The only thing remaining to allow full control over memory is the system allocations. Using libraries by theRemovers meant that a few of the things used malloc or calloc internally. It was fairly trivial to create my own functions for these which just passed to a stack allocator. A couple of the libraries needed to be slightly rewritten to ensure deallocating in the correct order. This then meant that every dynamic allocation in the game would run through one of these allocators.

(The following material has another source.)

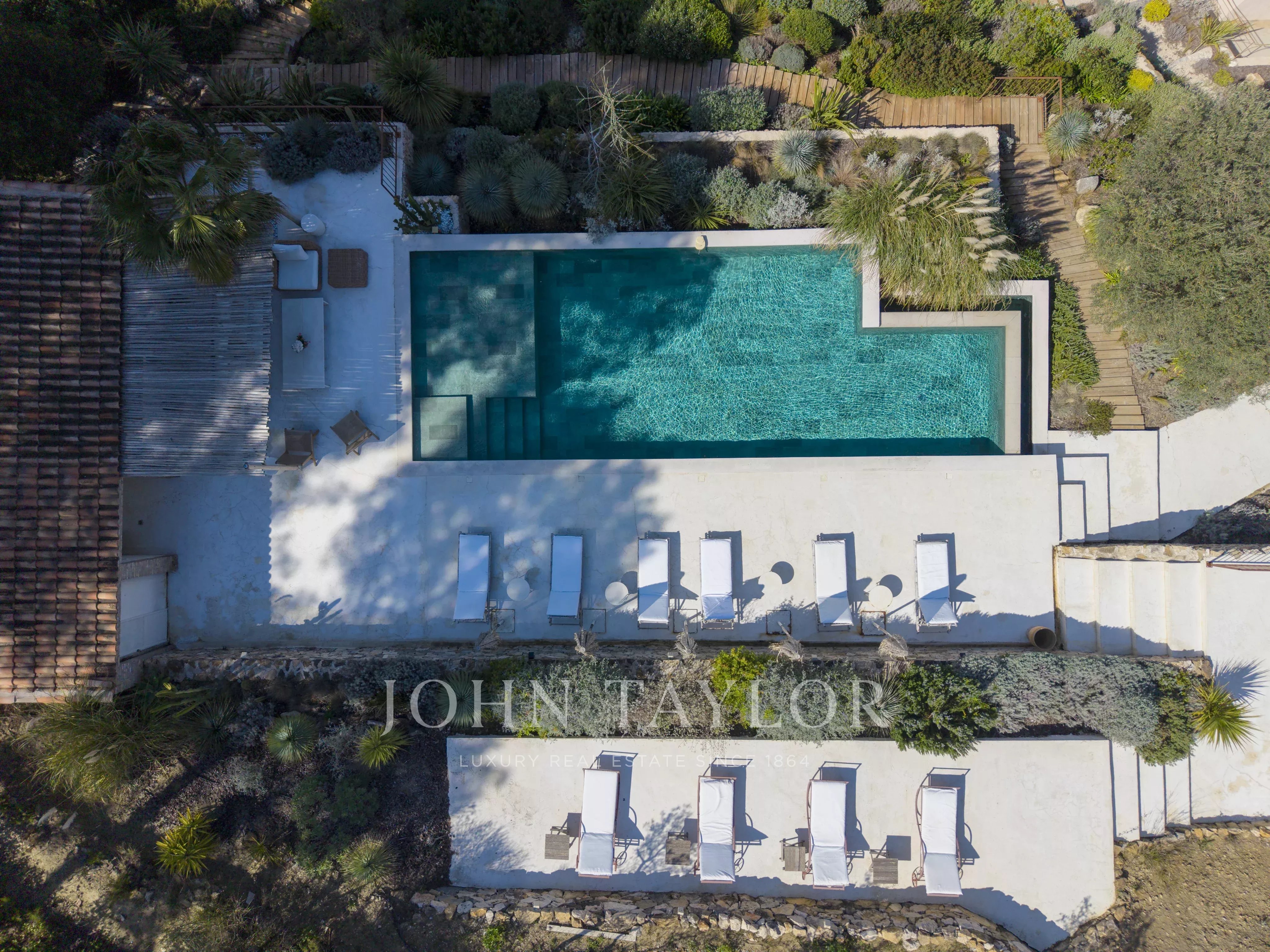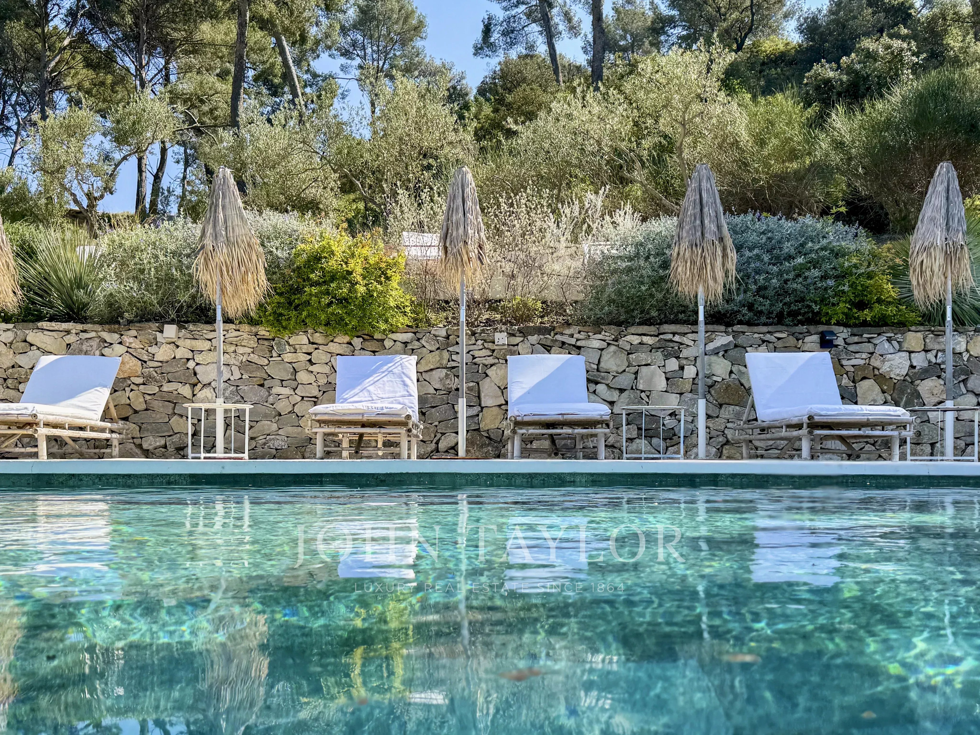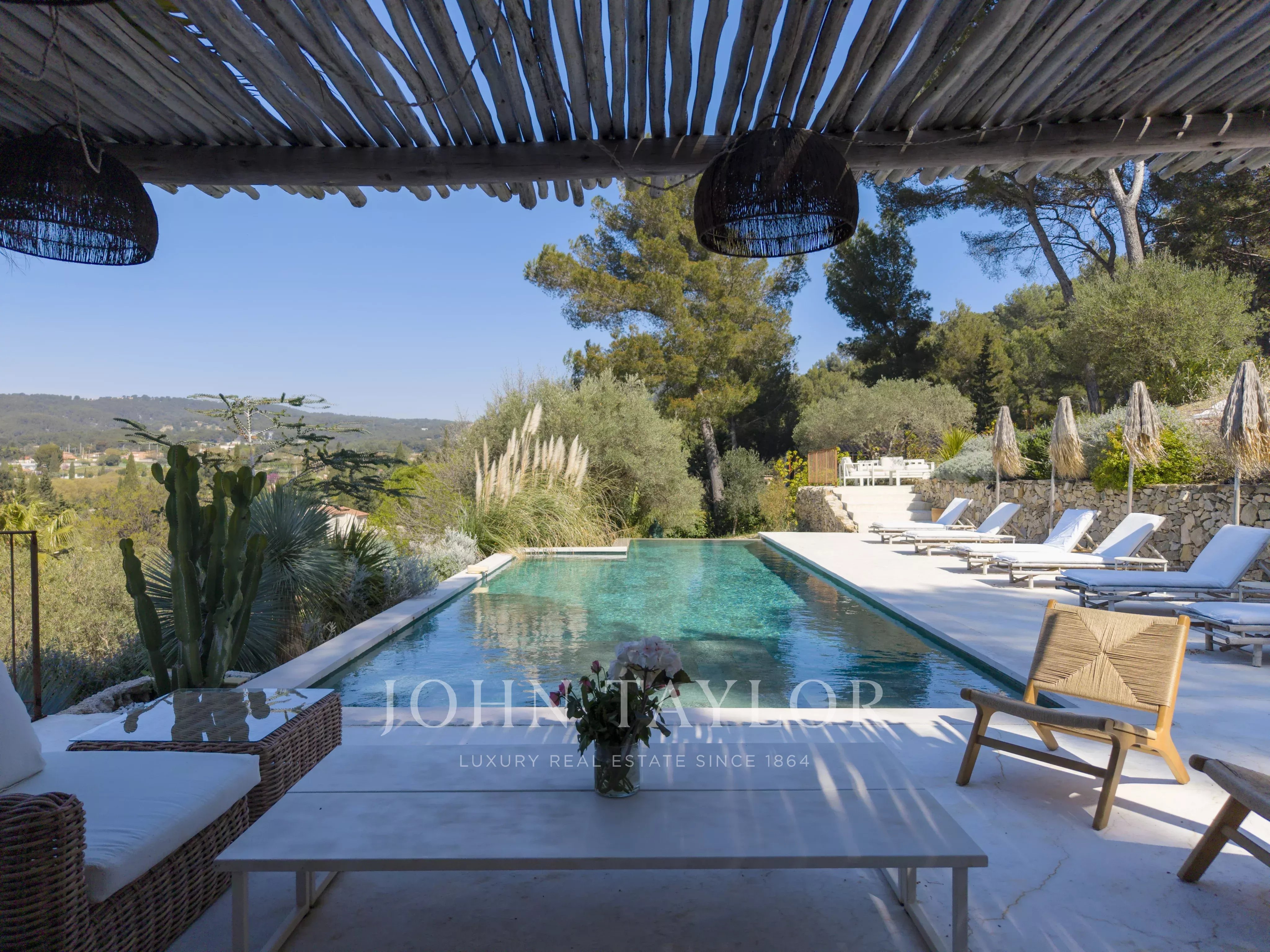 Cette villa méditerranéenne offre un cadre de vie idyllique entre un jardin luxuriant inspiré du maquis corse rempli d’essences aromatiques et d’oliviers centenaires et son élégante piscine et espace de villégiature profitant de magnifique couchers de soleils toute l’année.

I put these at the bottom of RAM, from 0x1000, and defining the size of each, meaning that they automagically laid themselves out in memory. I could then write a simple printer, which would interrogate the allocator's current state, and let me know how much memory I am using. I have sized the allocators to being "sensible" for now, which means I have a bit of headroom over what I'm currently using. These allocators are using roughly 700kb of memory. To modern eyes, that's a tiny amount, but keep in mind that I have only 2MB to play with. The intention is therefore to keep the bottom 1MB for dynamic allocations, and use the top 1MB for things I can manage more directly, such as for example the current music track being played. This is not totally accurate, as the stack also grows down from the 2MB mark, but I'm checking that it doesn't grow above 64KB, so I can still use the majority of the top 1MB for these allocations.
Still to be added is adding a pattern to the last few bytes of the allocator (0xDEADBEEF, 0xCDCDCDCD etc) and then check that this remains intact in debug builds, whenever an alloc or free is called on that allocator, to ensure that nothing overwrites them. Also, once the game has game states, any error in the allocators in release should push a debug error state, probably styled after a Windows BSoD.
The allocators haven't improved the game, they haven't added any gameplay features, they feel very much like busy work or perhaps yak shaving. However they are making me more confident about my ability to make an actual game going forward, now that I can be more in control, and more aware of memory usage.
I am going to have to draw up physical memory maps to ensure I know what memory is going where.